Bugün Six Feet Under'lı çiziktireceğim. Evet. Son zamanlarda en sevdiğim aktivite Six Feet Under izlemek. David Keith ile ya da başkasıyla atıştığında "Ay dur üzülme, kıymetini anlayacak o senin yoksa kendi kaybeder yanii .s .s" diye avutasım, Nate'in sırtına "Seni çakaal. ;)))" diye pat pat vurasım, Claire'le beraber ergenlik yapasım, Ruth'u da sürekli bir gıdıklayasım var. Hepsi öyle bir şeker, öyle bir şapşirik geliyor ki anlatamam. Dizi çoğu zaman çok durağan ilerlemesine rağmen bıktırmadan mutlu mesut özletiyor kendini. Bir Lisa'yı ve sürekli boğazlanırmış gibi konuşmasını sevemedim gitti. Bir deee 3. sezon 1. bölümden itibaren bir haller oldu ki sormayın gitsin. Hala algılamaya çalışıyorum. Ama birşey çıkacak bundan. Allaaağm! Spoiler konusunda çok hassas bir insan olduğum için fazla detaya girmeden ve isim vermeden yazmak istiyorum. Ama öyle de dedikodu yapılmıyor çocuklar. Hayat çok zor. Bu aralar mottom bu. Neyse, as a result, daha önce izlemediğim için çok pişmanım çocuklar. Özellikle psikolojik çözümlemeler filan çoğoş bence. Ayrıca bu kez kaşınıp spoiler yemeyeceğim. Akıllandım yani. Meh meh.
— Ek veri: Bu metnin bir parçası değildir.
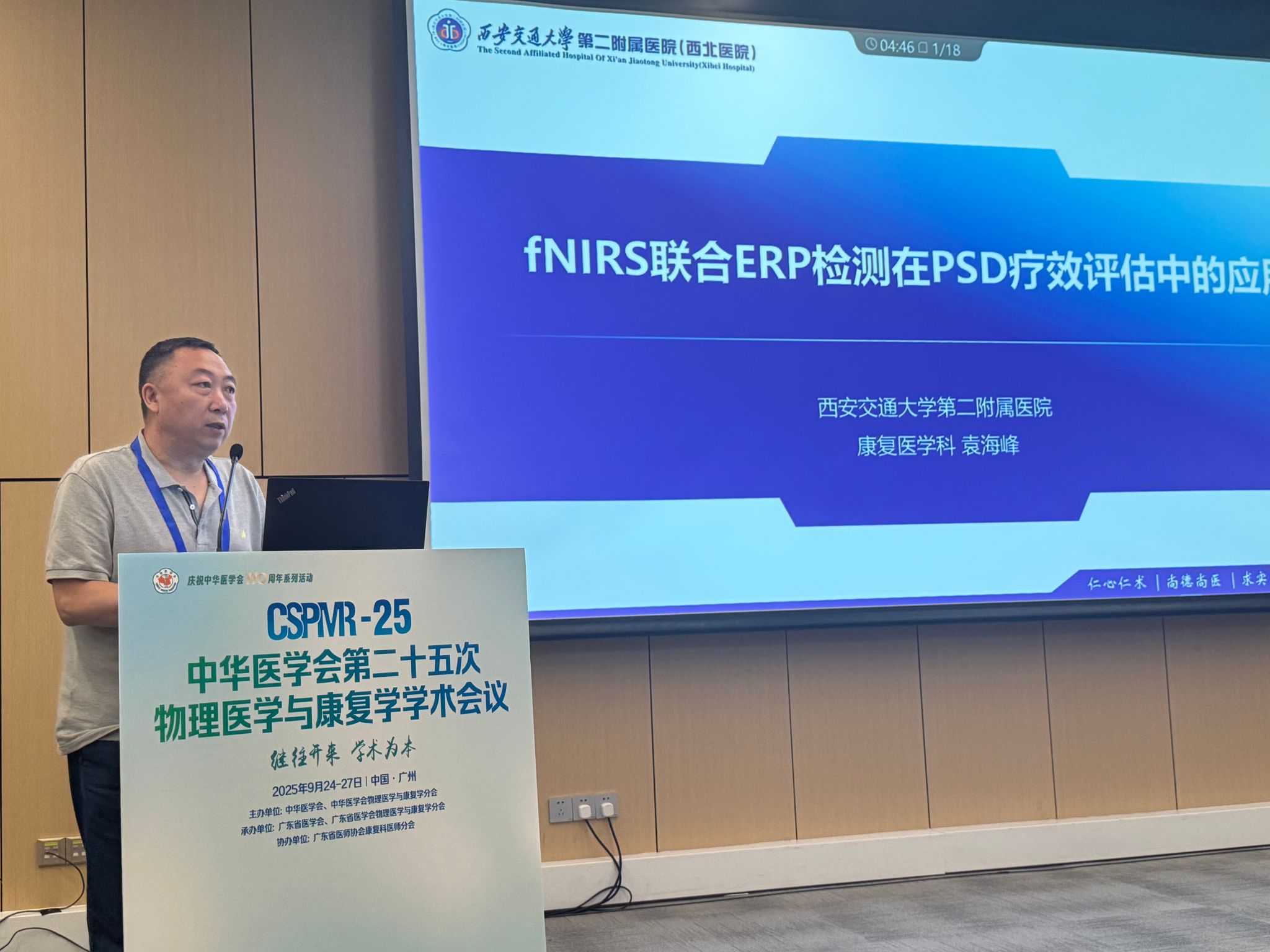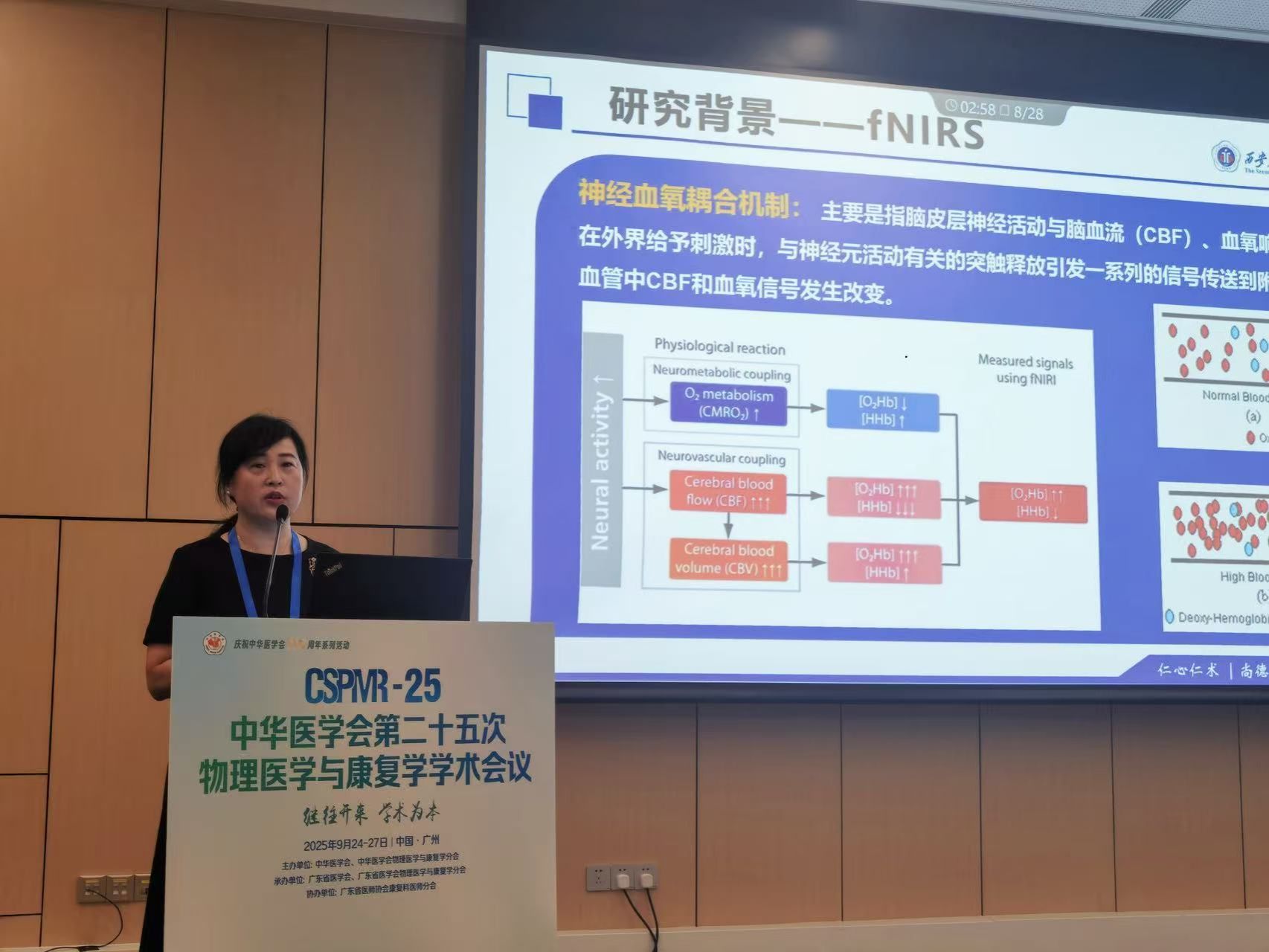 在脑功能研究与神经调控技术应用方面,科室报告了一系列创新性研究。乔鸿飞主任在论文发言中汇报了《基于fNIRS的口腔内电刺激对脑卒中后吞咽障碍康复效果的影响研究》,进一步深化了吞咽障碍的精准评估与治疗。袁海峰教授的口头发言《fNIRS联合ERP检测在PSD疗效评估中的应用》,则展示了多模态神经生理技术在康复疗效评价中的价值。惠艳聘副主任就《iTBS联合FVC改善脑干卒中患者吞咽功能障碍:一项基于fNIRs的临床研究》进行口头发言,探讨了脑神经调控技术与康复治疗结合对吞咽障碍的疗效及其机制,创新了吞咽障碍康复新方法。此外,王斌治疗师报告了《利用fNIRS技术观察前交叉韧带重建术后患者大脑运动功能区变化的研究》,为运动损伤的中枢机制提供了新见解。

*Ne zaman mezarlığa gitsem, gördüğüm her mezar taşı üstüne bakıp kaç yaşında öldüklerini hesaplarım. Sfu izlerken de her bölüm başında ölenlerin doğum ve ölüm yıllarından hemen öldükleri yaşı hesaplıyorum. Her seferinde ortada hiç birşey yokken değişik değişik şekillerde ölen insanları gördükçe ben de her an ölebilirmişim gibi geliyor. Bir çeşit içsellestirme ya da empati duygusu yaşıyor olabilirim yani. Ama sonra geçiyor. 

4 Ekim 2014 Cumartesi

oniki

6 senelik teyzeliğimi ifşa ediyorum. Bugün günboyu mikado ile zıkkımcılık -zıpkıncılık- oynadık.